The lines below, from the one containing "The perfect mix" through the one containing "8月26日晚,郴州城区青年大", should be set down exactly, with no pictures and nothing else.
*** Data for analysis
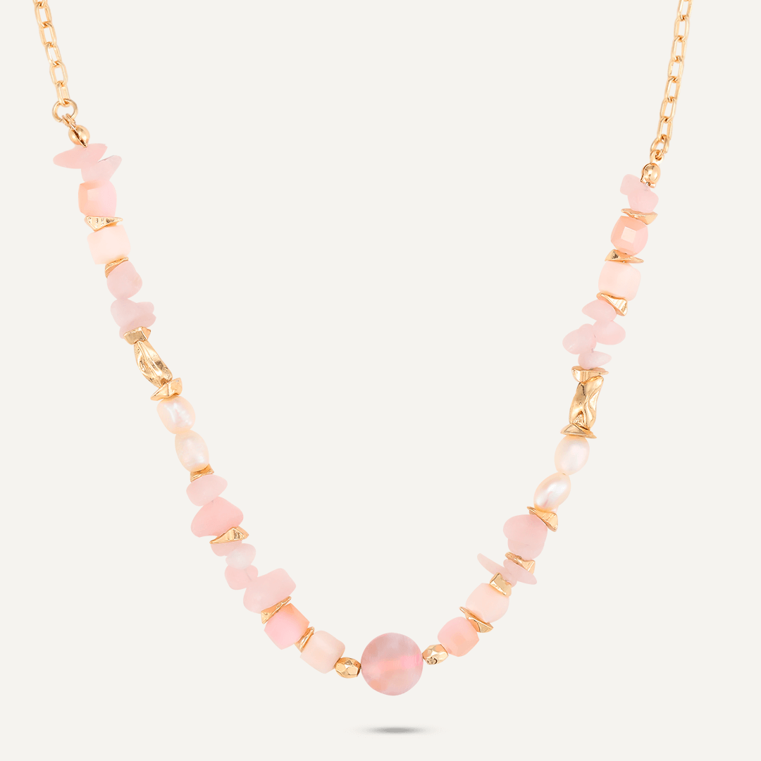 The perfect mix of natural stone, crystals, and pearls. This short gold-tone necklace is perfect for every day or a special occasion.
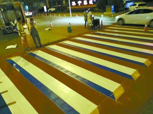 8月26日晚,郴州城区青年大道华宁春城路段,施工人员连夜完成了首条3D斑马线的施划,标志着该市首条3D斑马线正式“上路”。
******
*** Data for analysis
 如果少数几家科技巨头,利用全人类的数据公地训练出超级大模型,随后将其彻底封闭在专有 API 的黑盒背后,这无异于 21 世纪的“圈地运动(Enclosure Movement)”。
******
» Your solution:
 The perfect mix of natural stone, crystals, and pearls. This short gold-tone necklace is perfect for every day or a special occasion.
 8月26日晚,郴州城区青年大道华宁春城路段,施工人员连夜完成了首条3D斑马线的施划,标志着该市首条3D斑马线正式“上路”。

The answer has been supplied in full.